Finding the smallest partial order for S={(1,5) (2,3) (2,4) (3,3) (4,3) (5,1)} –  xeonphi Dec 9 '12 at 0:09
    
What on earth does that mean? –  Chris Eagle Dec 9 '12 at 0:10
    
If you are trying to find the smallest partial order containing some relation, look at closure operations. –  dtldarek Dec 9 '12 at 0:11
    
it defines a relation matrix –  xeonphi Dec 9 '12 at 0:11

1 Answer 1

Draw a picture. Make a dot for each of the elements. Whenever you know that $a\prec b$, draw an arrow from $b$ to $a$.

Except that if you know that $a\prec b$ and $b\prec c$, don't bother drawing an arrow for $a\prec c$, because you'll be able to see at a glance that $a\prec c$. Also don't bother to draw the arrow from $a$ to itself, because you'll know they are there anyway.

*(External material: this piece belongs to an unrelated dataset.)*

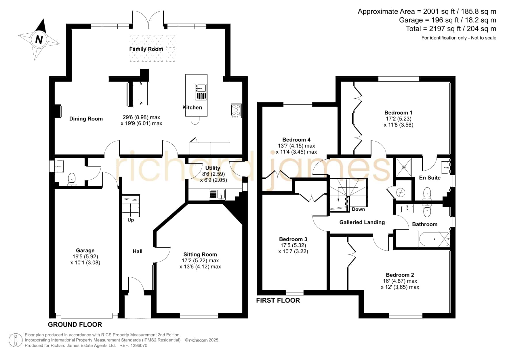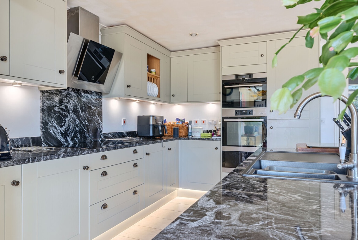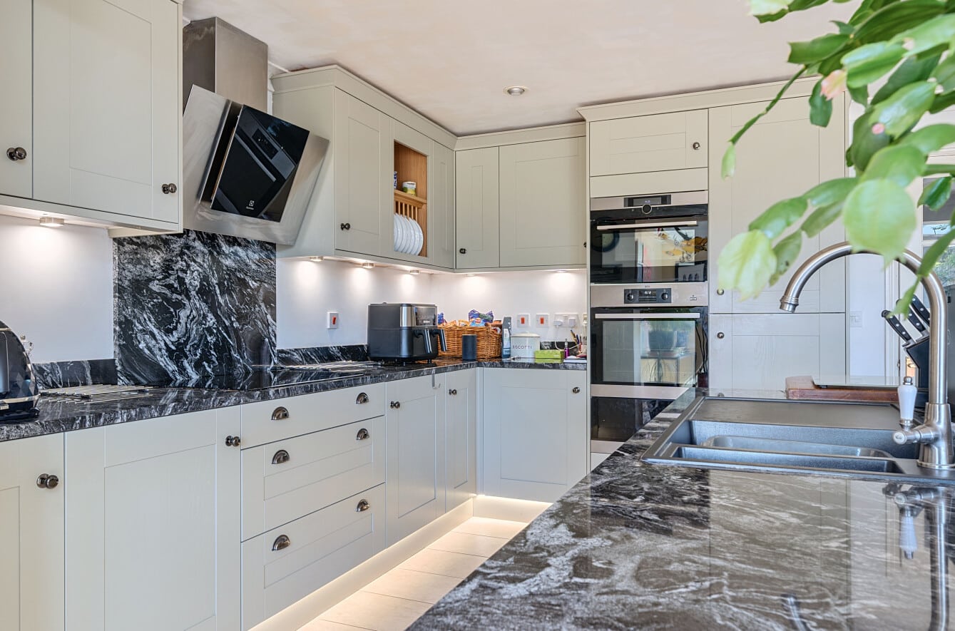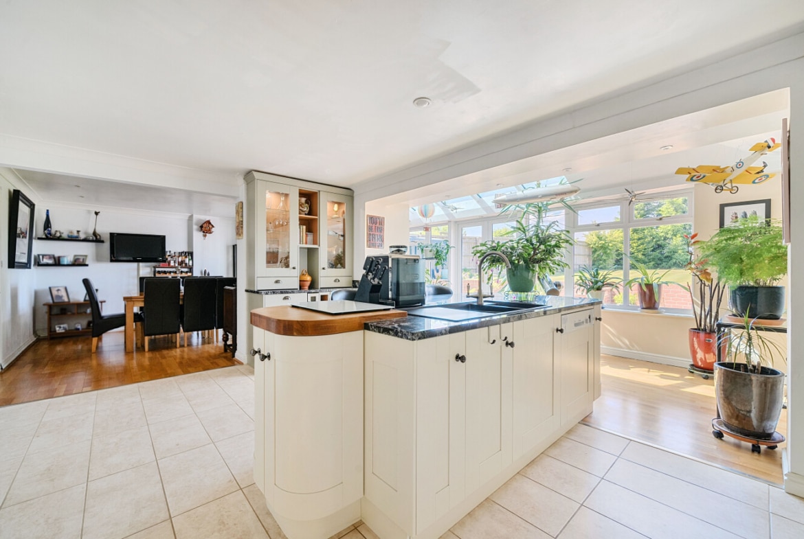 The well appointed and extended accommodation offers around 2000sqft (185.8sqm) of living space, perfect for the modern family and comprises: Generous Hallway with feature oak and glass staircase, rising to the impressive Galleried Landing, 17′ Sitting Room with aspect to the front, Cloakroom, separate Utility Room and then doors into the fantastic 30′ Kitchen/Dining/Family Room, which includes a modern refitted Kitchen/Breakfast area finished to a high specification, with granite worktops and integrated appliances, glazed vaulted roof to the Family Room, with windows and doors opening into the Rear Garden. To the first floor, Galleried Landing giving access to the Four double Bedrooms, all with built-in wardrobes, Ensuite Shower Room to Bedroom One and a further Family Bathroom.

If you have $a\prec b$ and $b\prec a$ for some $a$ and $b$, this will be apparent, and to make the order into a partial order, you merge $a$ and $b$ into a single dot. Similarly any cycle of arrows $a\prec b\prec c\prec\cdots\prec a$ collapses down to a single point in a partial order.

Then look at the picture. Maximal and minimal elements will be obvious; elements that can't be compared will be obvious; relations implied by transitivity will be obvious.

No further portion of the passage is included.